**What is being asked:**
The reply is to contain the full listing, repeated exactly, with pictures left out.

**Exercise data:**
━━━━━━━━━━
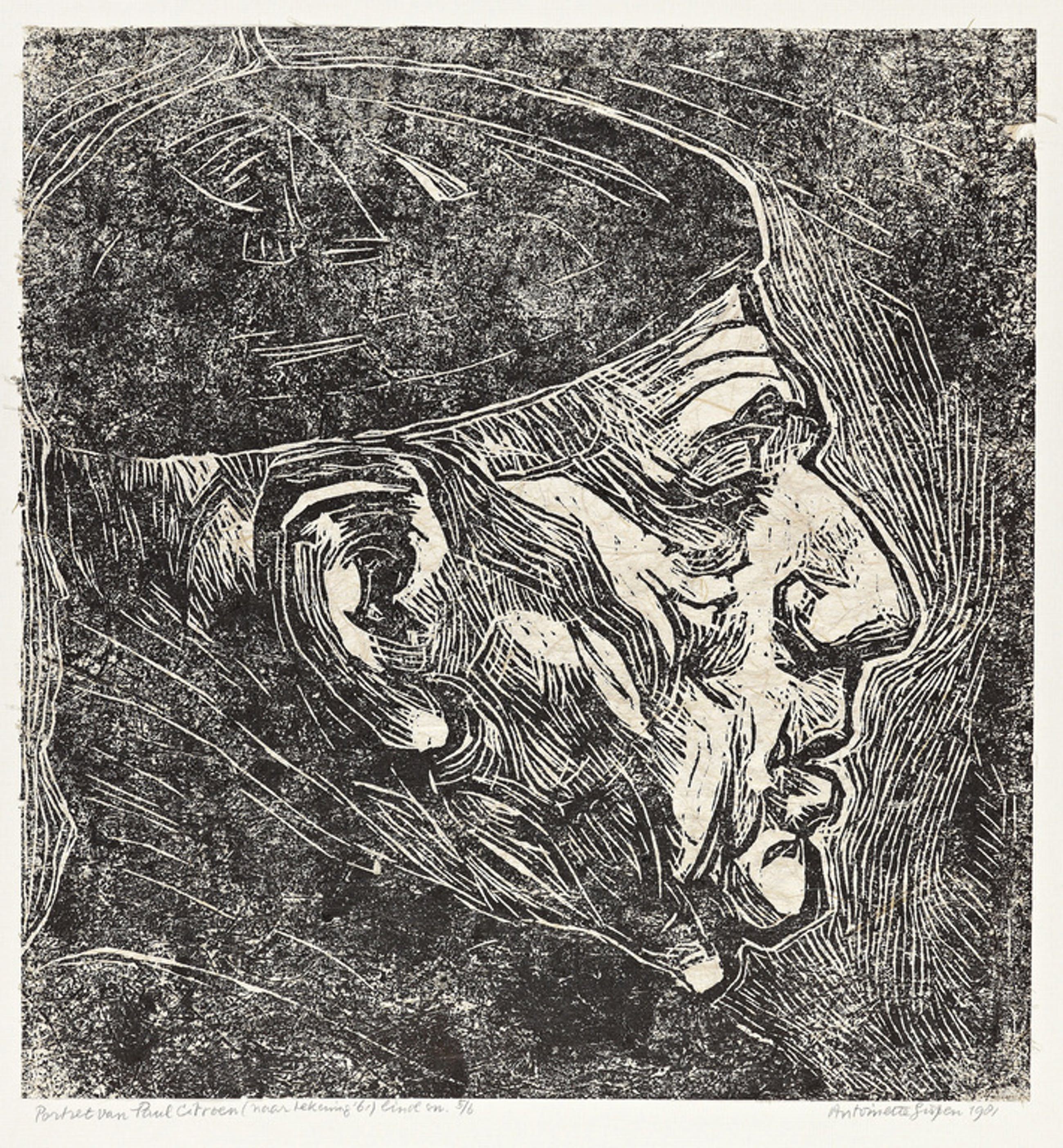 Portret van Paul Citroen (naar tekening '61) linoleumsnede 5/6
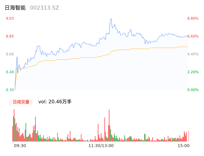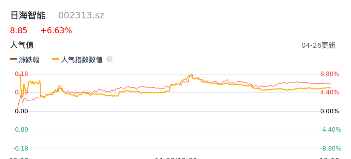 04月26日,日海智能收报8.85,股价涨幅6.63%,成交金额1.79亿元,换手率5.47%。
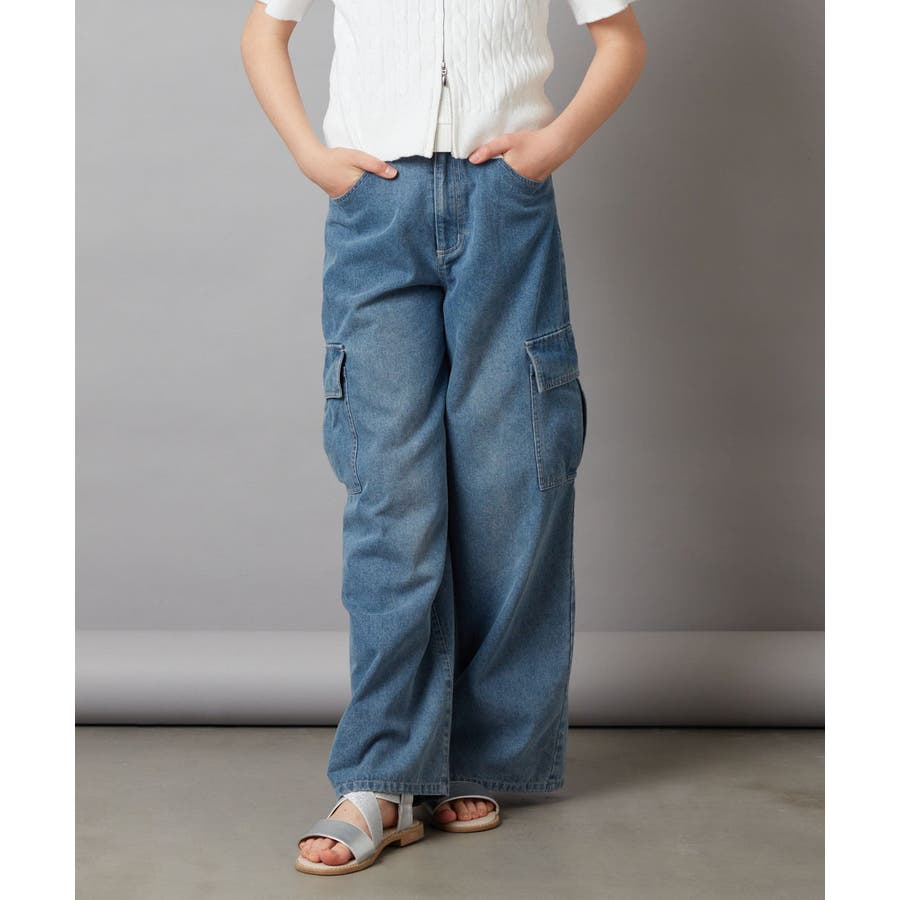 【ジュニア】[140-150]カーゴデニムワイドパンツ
━━━━━━━━━━
**Solution for this task:**
 Portret van Paul Citroen (naar tekening '61) linoleumsnede 5/6
 04月26日,日海智能收报8.85,股价涨幅6.63%,成交金额1.79亿元,换手率5.47%。
 【ジュニア】[140-150]カーゴデニムワイドパンツ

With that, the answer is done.